Haklısınız, bir kişinin düşüncesi üzerinden çıkarımlar yapılmış gibi söylemem pek doğru bir anlatım olmamış, ancak ana mesele pek de bu değil. Mesela şu cümleyi düşünelim:
"Klasik bestekârlarımızın bu anlayışı, günümüz prozodisi bakımından hata sayılmaktadır."
Gayet bilimsel bir bakış açısından ele alınmış. Eski bir anlayış var, yeni bir anlayış var; bu iki anlayış da birbirleriyle çelişmekte. Sizin ikinci paragrafta verdiğiniz, benim de şu ana kadar hiç haberdâr olmadığım değerli bilgilerle yukarıdaki cümlenin paylaşıldığı, sonra da "bugünkü anlayış şöyledir" gibi bir şey söylenmesiyle,
"Bugün için güftede, ne kadar zengin ritim ve mûsıkî unsurları olursa olsun, mânâsını hissedemedikleri bir eseri, şiir saymayanlara biz de katılıyor ve mânâsı duyulmayan, anlaşılmayan bir güfte, bestelenemez, bestelenmemeli diyoruz."
denmesi arasında büyük bir fark vardır.
Yazar zamanının bütün bestekârlarına danışarak bu iddiayı ortaya çıkarmış olsaydı bile, bu yine bilimsel bir anlayışla yazılmamıştır. Çünkü anlaşılan bir ara sanat böyle yapılmıyordu ki, eskilerin "en iyi" dediği bestekârların bile anlayışı farklıydı; ve bunları biz "klasiklerimiz" olarak değerlendirdiğimize göre, bu şekilde de "güzel" olarak görülen eserler yapılabildiğini çıkarmak çok zor olmayacaktır.

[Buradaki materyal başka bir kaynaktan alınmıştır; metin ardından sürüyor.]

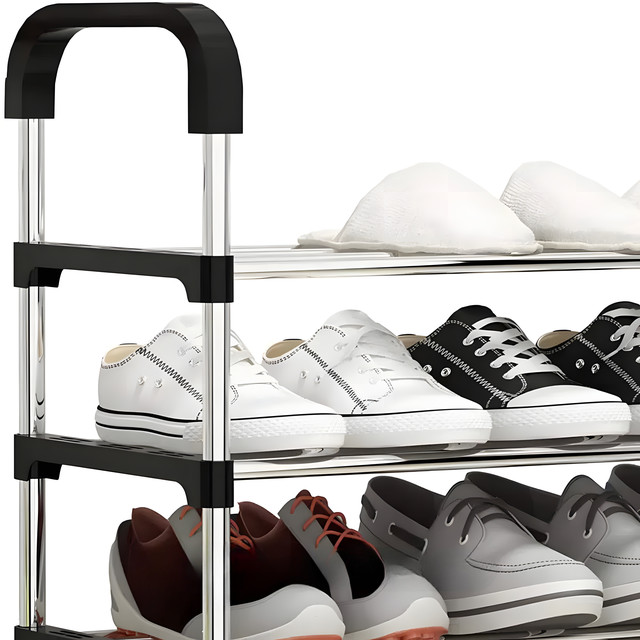 - Міцність і довговічність: Виготовлена з високоякісних матеріалів, як-от металеві труби та пластикові компоненти, ця полиця має високу міцність і довговічність, забезпечуючи надійне зберігання взуття на тривалий термін.
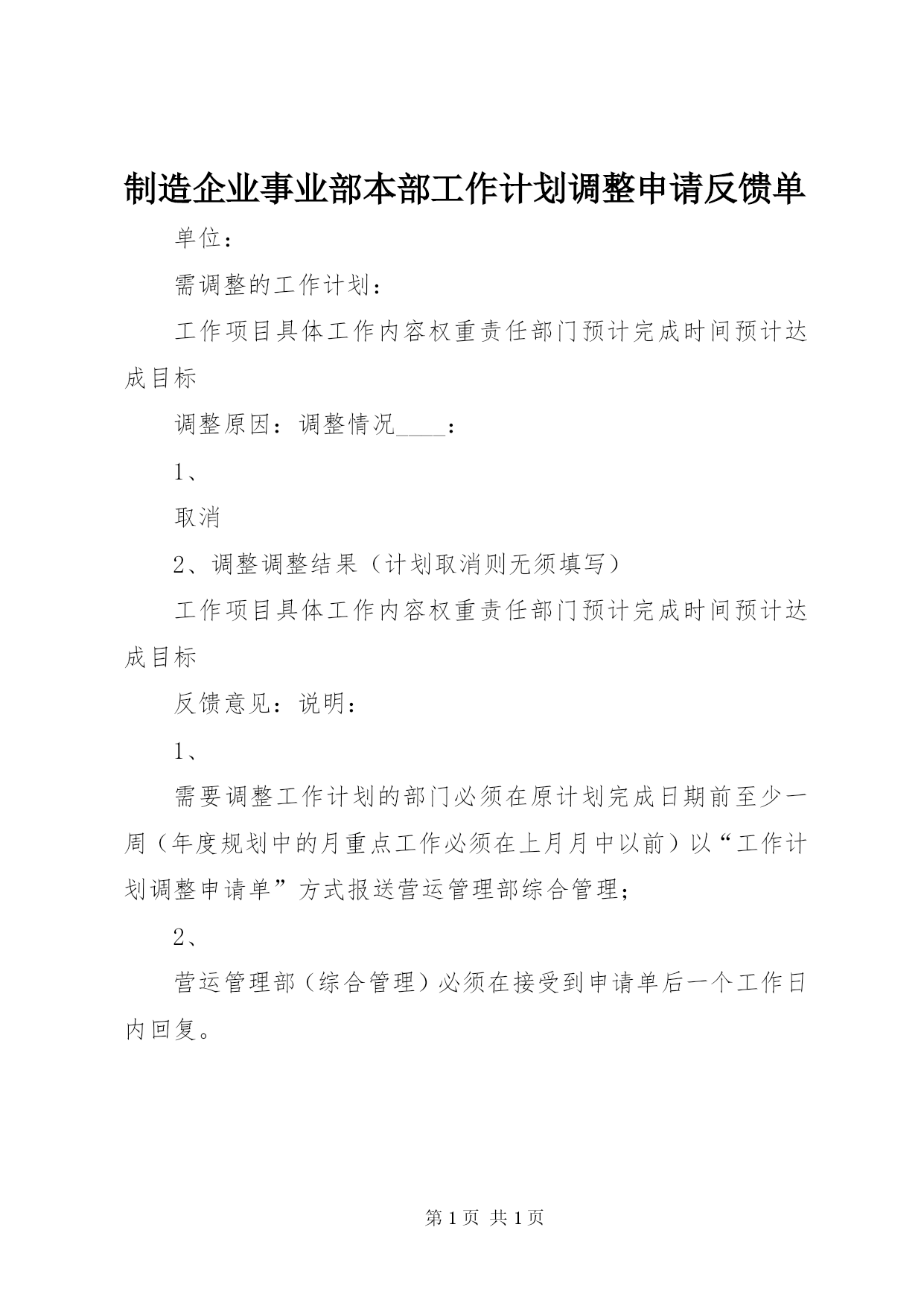 制造企业事业部本部工作计划调整申请反馈单.docx

Buna bu kadar tepkili olmamın sebebi ise bunun farklı konulara (musıkîde de başka alanlarda da) sürekli yansıyor olması. İçinde bulunduğumuz durumu anlamamız için önce "şu an yaygın olan mutlak doğrudur" anlayışından, bu anlayışın getirdiği cür'etkâr dilden kurtulmamız lâzım.